A24

Over the last two weeks, The Atlantic delved into some of the most interesting films of the year by examining a single, noteworthy moment and unpacking what it says about 2016. Today: Andrea Arnold’s American Honey. This will be the final installment of the “And, Scene” series, which can be found in its entirety here.


If someone had told me a year ago that one of the most alluring cinema images of 2016 would be a ponytailed Shia LaBeouf dancing on a supermarket checkout counter, I might have scoffed. But Andrea Arnold’s American Honey is a film that exists to refocus its audience’s view of things, ripping us from the theater and jamming us into an environment, and a part of the country, that we might not fully understand. One of the most visually electrifying films of the year, American Honey was also my personal favorite.
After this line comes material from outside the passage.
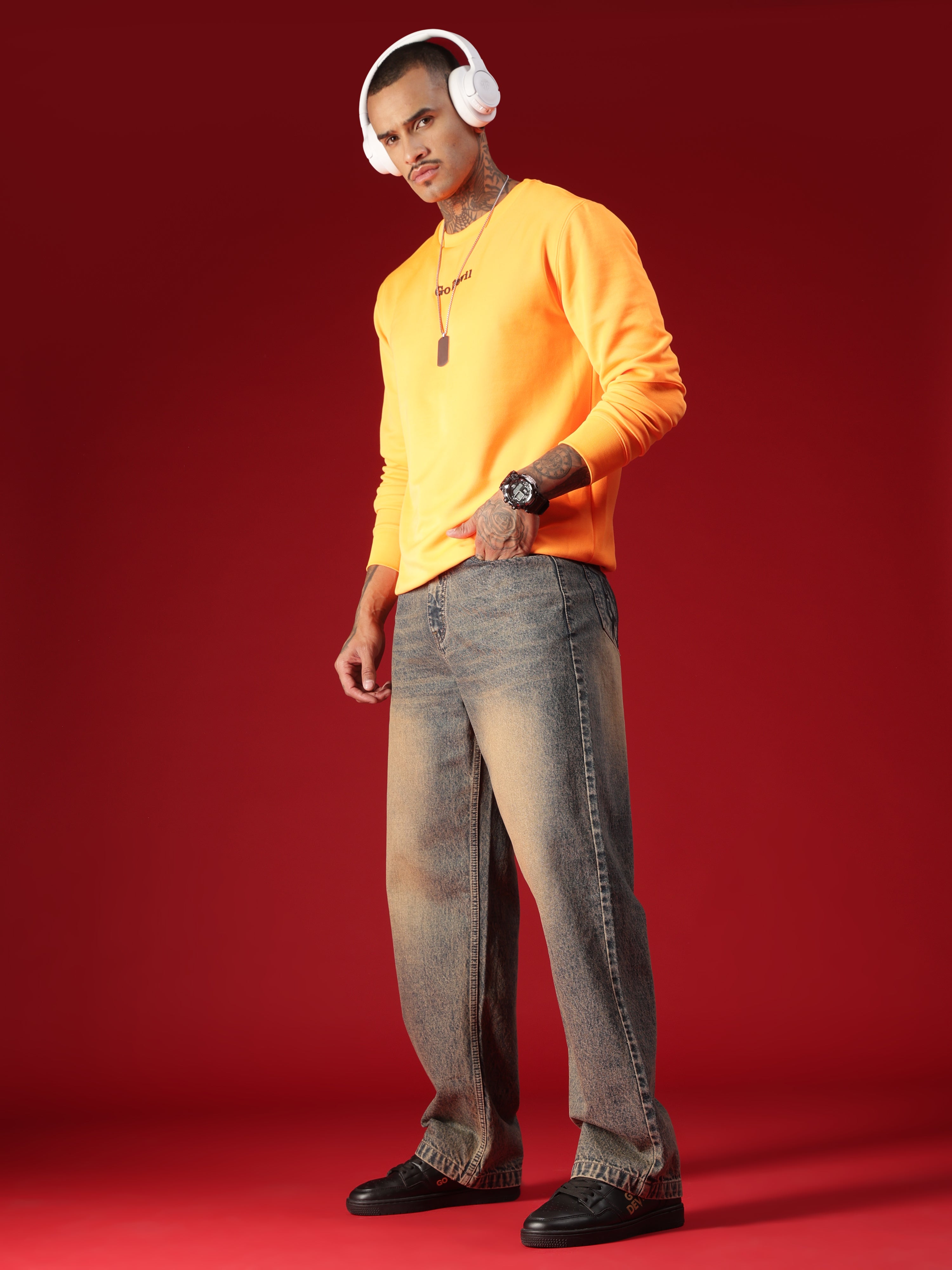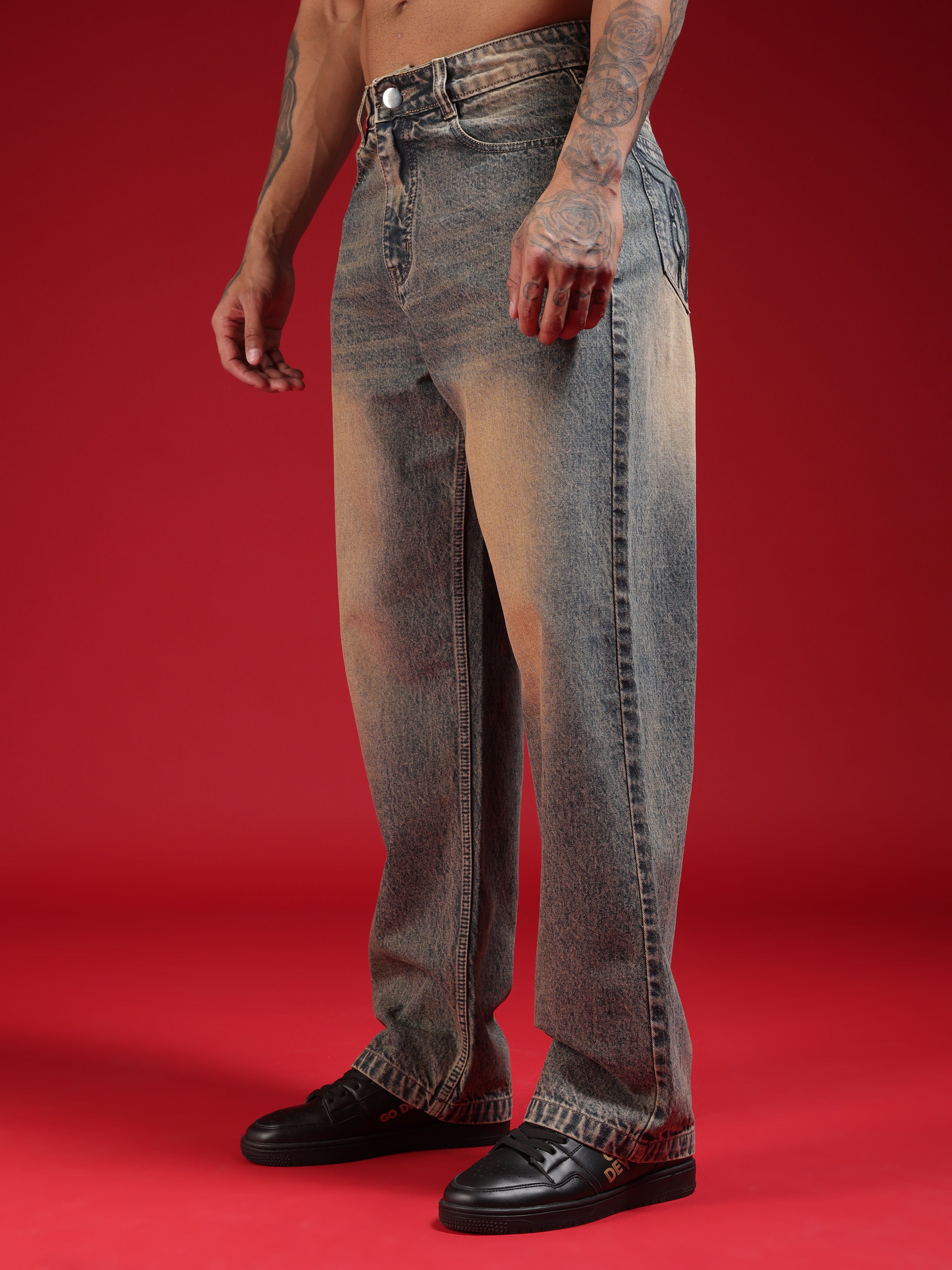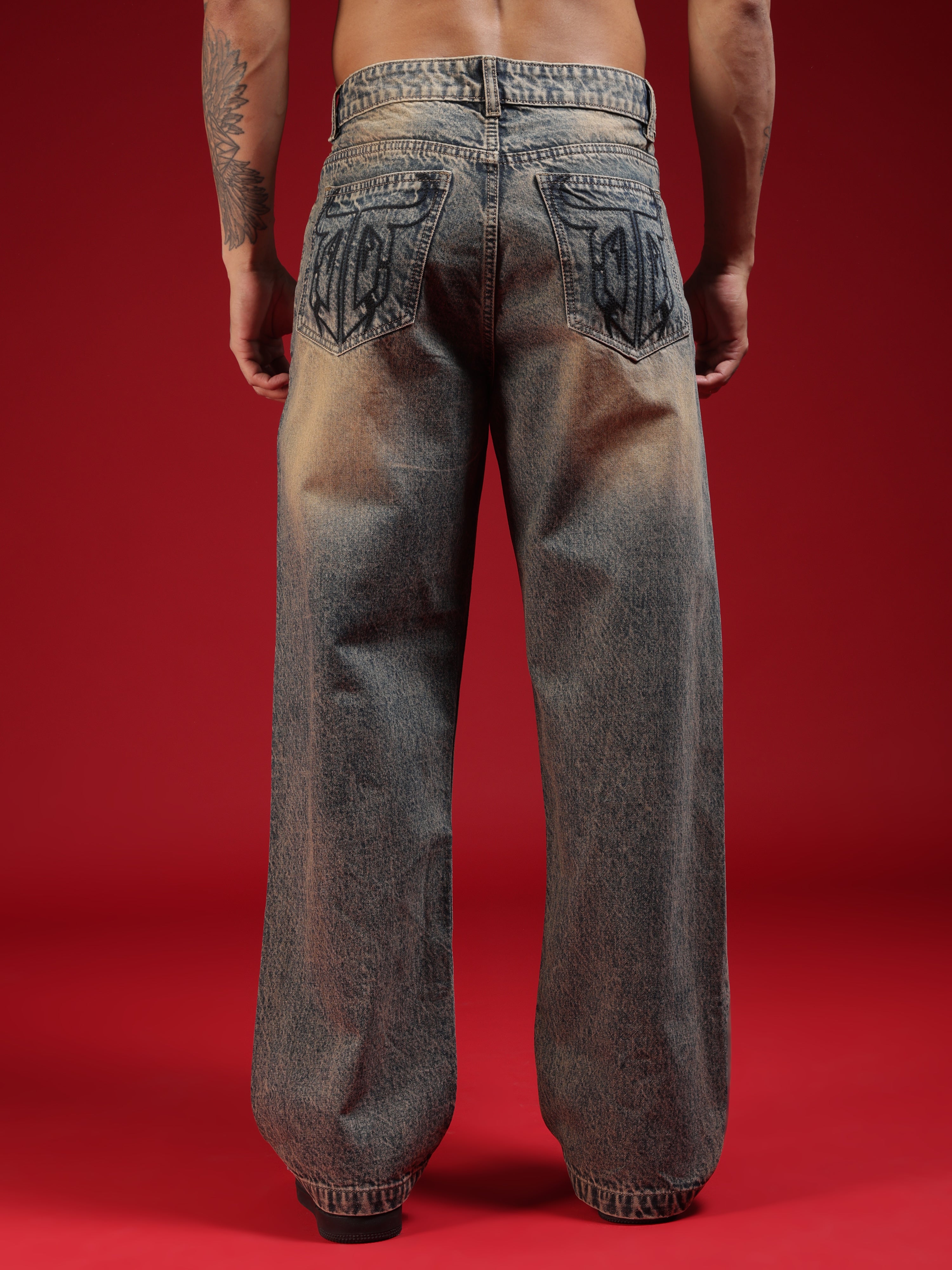 Go Devil Men's Washed Denim Baggy Jeans

Nothing crystalized its unique and surprising appeal more than the idea that an exiled marquee idol could worm his way back into moviegoers’ hearts by behaving obnoxiously.

As Rihanna’s “We Found Love” blares on the K-Mart speaker system early in the film, the teenager Star (newcomer Sasha Lane) spots Jake (LaBeouf) from across the store and is immediately intrigued. Jake is clad in gray suit pants held up by suspenders and a short-sleeved button down, and his prominent, braided rat-tail is slung over one shoulder, but he radiates a strange sort of movie-star charisma all the same. The scene plays out like a childish flirtation—Star sticks out her tongue at him, he replies in kind, then starts dancing along to Rihanna, eventually jumping on top of a conveyer belt and leading those around him in dance.

Much like my last pick for this series, Hell or High Water, American Honey is not subtle about the message it’s trying to get across. “We found love in a hopeless place,” Rihanna croons as Star looks on at Jake; seduced, she follows him into the parking lot where he offers her an opportunity to escape her depressing life in Oklahoma. Star is gorgeous and charming, but also hostile and defensive. She’s seeking any kind of escape, but has no idea how to chart a path to the future she wants. Taking Jake up on his offer, she joins his “mag crew,” tearing around Middle America in a van with other misfits, selling magazine subscriptions door-to-door and crashing in motels along the way.

Arnold, a British director well-versed in her own country’s aimless youth (her 2009 film Fish Tank is a spiritual sibling to American Honey) spent years researching her script by traveling around the country with mag crews. Their rootlessness, and strange (if limited) sense of independence, speaks to something appealing about America—that you can pick up sticks and move on in search of something different—as well as to the inherent limitations of that way of life. Seeing Jake is love at first sight for Star: She’s drawn in by his swagger, his idiosyncratic style, his joyful willingness to flout the rules of society. Their relationship, as it plays out over the next two and a half hours, is fiery but doomed from the minute it begins.

American Honey has a garishness to it that some critics found reductive. Star’s mag-crew boss Krystal (Riley Keough) is an imperious, often cruel matriarch who spends one crucial scene wearing a Confederate-flag bikini. In her travels across the country, Star encounters families ripped apart by drug addiction, oil-field workers who have no idea how to interact with women outside of paying them for sex, and various other strangers who often straddle the line between helpful and predatory.

Still, every lurid detail feels part of a cohesive whole. Star is a window onto a world that won’t make all viewers feel comfortable, but that shouldn’t be ignored simply because of the unease it may inspire. In Jake’s initial dance and everything that follows, Arnold distills the twin prongs of his appeal: He represents the thrill of non-conformity and a chance to escape, both of them classic American dreams, in all their dishonesty.